Nutt controversy refuses to die

By Ian Dunt

Alan Johnson faced continued pressure over his decision to sack Professor David Nutt today, after parliamentary opponents made a further attack on his approach to scientific advisors.

Dr Evan Harris, who is spearheading opposition to Mr Johnson’s move in parliament, told this morning: “The home secretary does not appear to accept what even the science minister, Lord Drayson, has acknowledged.

“Ministers need to abide by a code of practice when it comes to dealing with unpaid independent scientific advisers.”

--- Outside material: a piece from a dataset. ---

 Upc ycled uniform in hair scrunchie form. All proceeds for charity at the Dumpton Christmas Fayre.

“Given that the biggest problems relating to the treatment of independent science advice are in his own department he needs to do something constructive about it rather than continuing to bluster.”

The attacks follow a heated exchange between Dr Harris, the Liberal Democrat science spokesman, and Mr Johnson over the weekend.

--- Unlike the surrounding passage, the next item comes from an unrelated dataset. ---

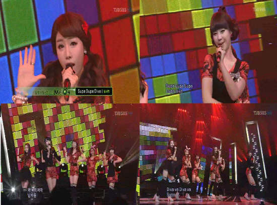 [스포츠투데이 전성호 기자]6인조 신예 걸그룹 달샤벳(비키, 세리, 아영, 지율, 가은, 수빈)이 여성스러운 무대의상과 깜찍한 엉덩이춤을 뽐냈다.달샤벳은 20일 생방송으로 진행된 SBS '인기가요'에 출연해 데뷔곡 '수파 두파 디바(Supa Dupa Diva)' 무대를 선보였다. 이날 무대에서 달샤벳 멤버들은 신인답지 않은 여유넘치는 안무와 보컬을 보여주며 특유의 깜찍함과 상큼함을 발산했다.특히 달샤벳 멤버들은 깜찍함과 섹시함이 공존하는 블랙+레드 계열의 화려한 무대 의상으로 여성미를 뽐냈다. 귀여움이 돋보이는 '엉덩이춤' 역시 남성팬들의 시선을 사로잡았다.달샤벳의 타이틀 곡 '수파 두파 디바(Supa Dupa Diva)'는 가요계 최고의 디바를 꿈꾸는 달샤벳 멤버들의 포부가 담겨있는 노래로, 작곡가 이트라 이브(E-TRIBE)만의 트렌디하고 세련된 멜로디가 특징이다.스포츠투데이 전성호 기자 spree8@<ⓒ아시아경제 & 재밌는 뉴스, 즐거운 하루 "스포츠투데이(stoo.com)">

Dr Harris took issue with several statements made by Mr Johnson during his reply to an urgent parliamentary question on November 2nd, including that the Home Office was unaware that Prof Nutt, head of the Advisory Council on the Misuse of Drugs (ACMD) was publishing a paper and giving a presentation on the harm of various drugs.

Prof Nutt argued ecstasy was less dangerous than alcohol or horseriding and criticised the decision of the government to reclassify cannabis as Class B.

“The points you made are of such seriousness to the professional and public standing of Professor David Nutt that you should now correct yourself in the chamber and apologise for misleading the House,” Dr Harris wrote to the home secretary.

He accused Mr Johnson of effectively confusing the roles of full-time advisor within the civil service and that of “unpaid, part-time” advisors.

Mr Johnson replied: “In your letter you accuse me of confusing roles.

“I am in no way confused about the role Professor Nutt held. He was chair of my advisory committee and chose to campaign against decisions my predecessor had taken, not just through a lecture and a paper but through a series of media appearances, an article and a press release.”

Mr Johnson was due to meet the ACMD today, after which the group would decide whether it would continue to work for the government.

Prof Nutt’s sacking was followed by two resignations from the ACMD, but other member decided to meet with Mr Johnson before making a decision as to their future.

The full council meeting, which is being conducted in private, is taking place throughout the day.